ART e FOOD
Rituali dal 1851
Triennale apre le manifestazioni EXPO facendo storia del cibo come fatto di costume, di comportamento e di gusto estetico
Di come spazi ed evolva il dibattito sul cibo nel mondo durante Expo incominciamo già oggi ad averne un assaggio: anche in televisione incominciano i dibattiti e gli scontri sono duri, tra ottimisti e pessimisti, tra positivi e scettici, tra estimatori e contestatori dell'impostazione data all'esposizione universale di Milano, che aprirà i battenti il 1° maggio. Giornalisti e intellettuali non vedono che male ovunque si girino, mentra sponsors, aziende produttrici e distribitrici, organizzatori vedono tutto perfettamente a posto mentre in questi ultimi giorni di lavori si giocas tutta la partita della credibilità nazionale. Anche le istituzioni pubbliche incominciano a fare la loro parte: mentre Triennale e Comune di Milano ricostruiscono, contrariamente a ogni logica e discernimento, il Teatro Continuo di Burri, nel bel mezzo di Parco Sempione, vanificando il senso di uno degli assi visuali tra i più importanti d'Europa e del Mondo, la stessa istituzione milanese promuove l'ottimo restauro dei "Bagni Misteriosi" di De Chirico, proprio a ridosso dei suoi giardini esterni, restituendo all'opera tutta la sua vitale potenza cromatioca originaria, ed inaugura, nelle sale muziane, la gigantesca mostra curata da Germano Celant, "Art e Food - Rituali dal 1851", e allestita in modo un po' dispersivo da Italo Rota.
Una sequenza di immagini prese a caso dalle sale della mostra che dimostrano quanto essa sia stata costruita mescolando generi, materiali, pezzi unici e seriali, epoche, concetti, progetti e oggetti. Dai manifesti anni '50-'70 dello Studio Armando Testa, biciclette per trasportare il latte,un modulo di autosussistenza, il pesce-cucina di Gehry, il primo VolksWagen d'autosufficienza viaggiante, le 10 Campbells soups di Warhol, un modulo espositivo urbano, il Punt e Mes di Armando Testa, contenitori e stoviglie in plastica anni '60, vetrina Depero.

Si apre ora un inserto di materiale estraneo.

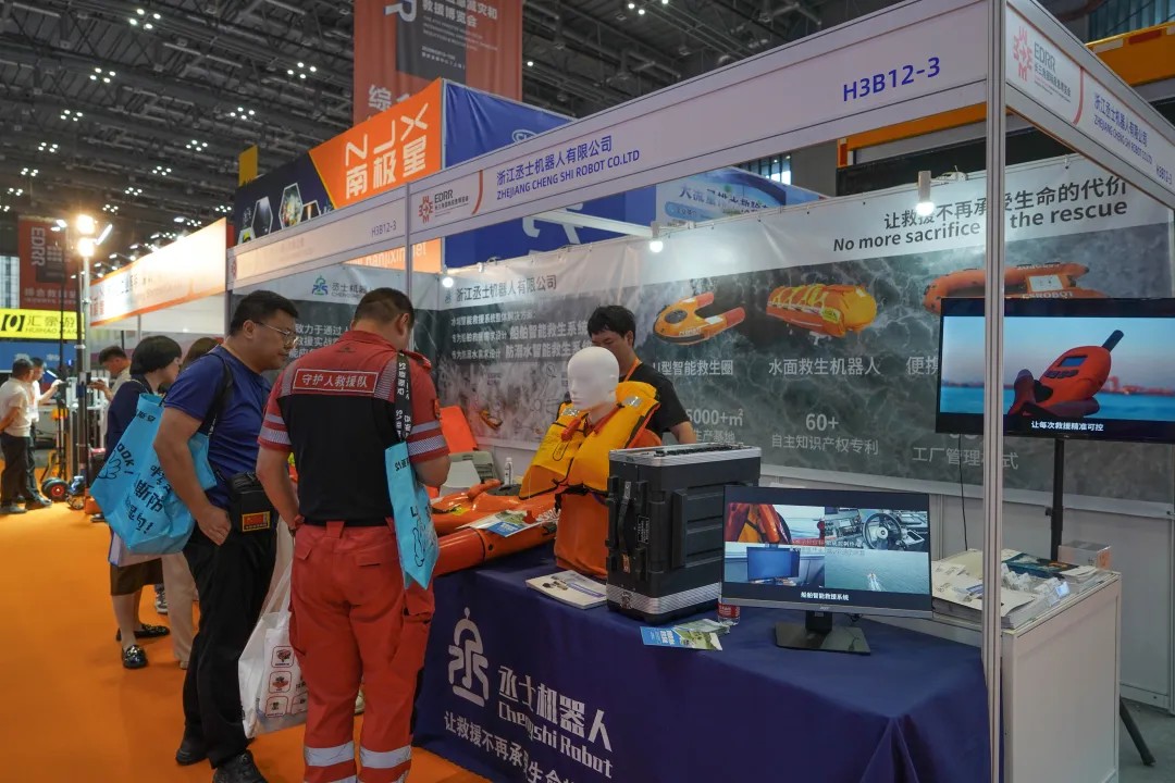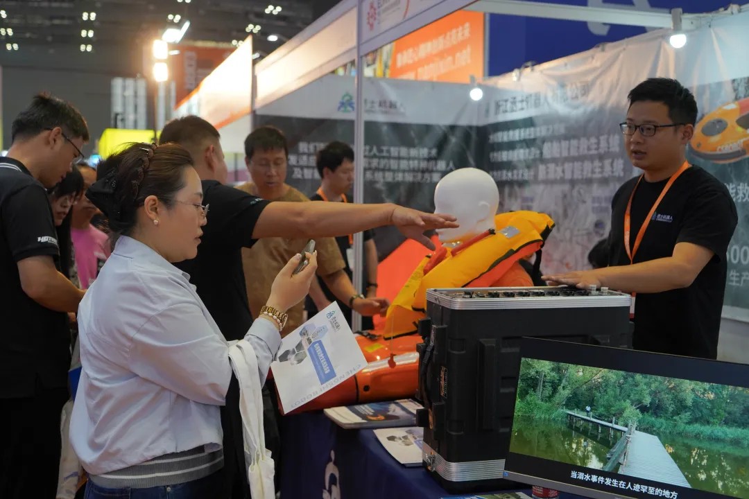 丞士機(jī)器人攜船舶智能救生系統(tǒng)、防溺水智能救生系統(tǒng)、U型智能救生圈等水域救援裝備亮相長三角應(yīng)急展。

Anche questa mostra, attraverso la sua inconsueta dimensione e la sua fin troppo vasta sfaccettatura del panorama tematico, vorrebbe sollevare un ampio dibattito sui molteplici significati che hanno avuto, nelle diverse stagioni degli ultimi 15 decenni, i rituali della consumazione del cibo, nelle diverse situazioni sociali, nelle più svariate circostanze comportamentali dettate dalle mode, ma anche dai bisogni, dalle esigenze rappresentative o solo semplicemente funzionali, dai climi o dalla pura risposta a modelli predefiniti dagli ambiti produttivi, sia del prodotto preconfezionato destinato alle tavole, sia dei prodotti suggeriti, prima dagli stili artistici o architettonici, ed in seguito anche dal design del prodotto mobiliero, degli articoli per la casa, e perfino dalle case automobilistiche.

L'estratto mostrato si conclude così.